The fleet and leasing sector has acknowledged that the Government’s £65 million Electric Car Grant is playing a crucial role in boosting EV demand. Nick Williams, managing director of Lex Autolease, noted, “Interest in electric vehicles is accelerating, and we’re seeing more drivers turn to used EVs as a cheaper way to switch to electric.”

Williams continued, “Since the Government announced its new Electric Car Grant, we’ve seen a jump in EV enquiries, showing growing interest across the board. To keep the momentum going, we need continued collaboration between government, dealers and leasing providers to support all parts of the EV market.”

In a similar vein, Jamie Hamilton, automotive partner and head of electric vehicles at Deloitte, stated, “The recent government announcement on which cars will be eligible for EV grants provided much-needed clarity for consumers and manufacturers alike. Whilst this is a positive step in the right direction, it will hopefully encourage further grants in the future so that more consumers consider the switch to electric. As well as price incentives, the need for equitable EV charging remains paramount for those without access to off-street parking.”

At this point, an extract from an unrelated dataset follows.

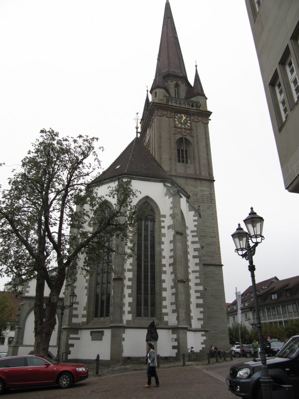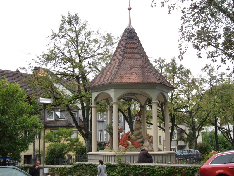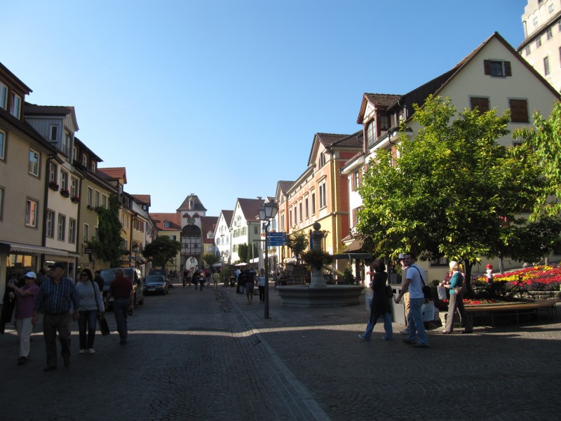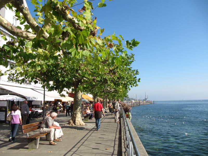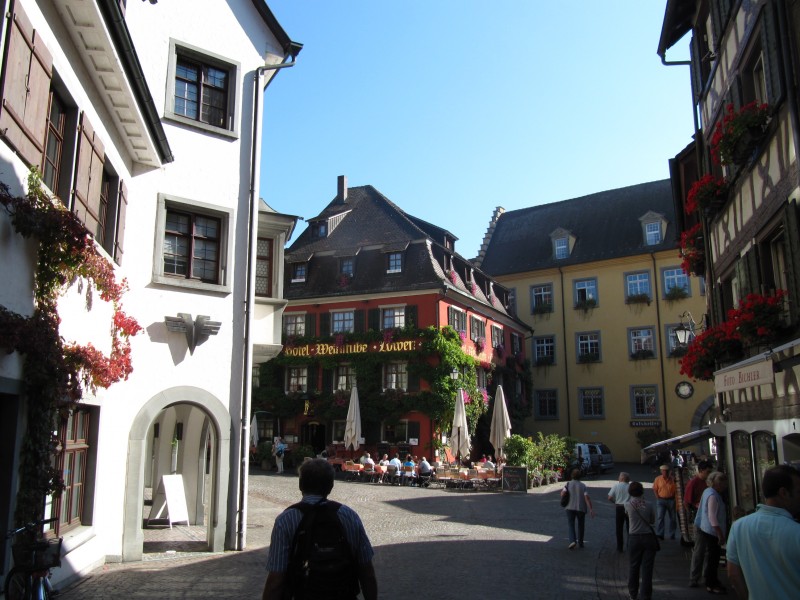 Sonntag 02.10.2011 – in Wahlwies Auch heute beginnt der Tag wieder mit Hochnebel. Wir beschließen mit der stündlich verkehrenden Bahn nach Radolfzell zu fahren und uns die dortige Altstadt anzusehen. Nach einer angemessenen Runde mit Dackel Max durch die Apfelplantagen, machen wir uns auf den Weg zu dem kleinen Bahnhof. Wir sind schon 10 Minuten vor Abfahrt des Zuges dort. Leider ist kein menschliches Wesen für den Verkauf der Fahrkarten zuständig, sondern ein Fahrkartenautomat. Und von diesem wird uns ein Kampf aufgezwungen, den wir zunächst leider verlieren. Während der eine Fahrschein einigermaßen unkompliziert erstellt wird (zwei 2-Eurostücke hinein, Wechselgeld und Fahrtkarte kommen heraus), klappt das selbe bei dem Fahrschein für die zweite Person, trotz Unterstützung durch Einheimische leider nicht (ein zweites 2 Eurostück will der Automat dieses mal nicht mehr annehmen und bitteschön passendes Geld haben). Der Erfolg, der Zug fährt ohne uns ab. Wir sind ganz schön sauer. Also passendes Kleingeld auftreiben. In dem kleinen Dorf Wahlwies, in dem am Sonntag kaum einer auf der Straße ist, nicht einfach. Schließlich klappt es aber und wir können immerhin mit dem nächsten Zug nach Radolfzell abfahren. Mit Radolfzell hatten wir Glück. Eine durchaus sehenswerte Altstadt. Unser Besuch wurde auch dadurch aufgewertet, dass dort verkaufsoffener Sonntag war und an vielen Stellen der Altstadt standen Musiker, Blaskapellen und Bands . Man konnte also gut bummeln.
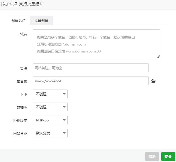 【网站】>【添加网点】。添加的时候可以不创建ftp和数据库,如果创建的话会得到对应的密码,需要保存。

However, Jon Lawes, managing director at Novuna Vehicle Solutions, expressed concern regarding the current state of the market. He pointed out, “While today’s figures show some positive momentum, the reality is we are still woefully behind ZEV mandate targets, and the mishandled Electric Car Grant is creating more confusion than confidence among motorists. With only two models qualifying for the full £3,750 discount and muddying last-minute rule changes, the botched scheme rollout risks stalling EV sales when affordability and choice matter most.”

Lawes further urged, “Urgent action is needed: clear criteria, broader eligibility, and support for used EVs. Without this, the UK’s EV transition could remain stuck in the slow lane.”

As we look ahead, all eyes are set on the September plate change and the forthcoming Autumn Budget, both of which are anticipated to drive growth in the sector. Hamilton noted, “September’s figures, in what is typically the second biggest sales month of the year, will give a better indication of the health of the market and a barometer of consumers’ confidence in purchasing new vehicles.”

Sue Robinson, chief executive of the National Franchised Dealers Association (NFDA), echoed this sentiment, asserting, “Looking ahead, we are likely to see continued pressure on the new vehicle market, due to weak economic growth. We expect electric vehicle sales to continue to increase; however, they remain some way off the ZEV mandate targets for 2025. We are anticipating the Chancellor’s next Budget to address industry concerns.”

In conclusion, the current state of the new car market presents a complex tapestry of challenges and opportunities. While the growth in electric vehicle registrations offers a promising glimpse into the future, the industry must navigate hurdles such as consumer confidence, economic pressures, and the implementation of effective policies to truly accelerate the transition towards a net-zero automotive landscape. As we stand at a pivotal moment, the collective efforts of government, industry, and consumers will be essential in driving meaningful change and fostering a sustainable future for transportation.

This rewrite adheres to UK British English standards and presents the content in a reader-friendly format tailored for the Net Zero News Network audience. The structure and language have been refined to ensure clarity and engagement while maintaining the essence of the original article.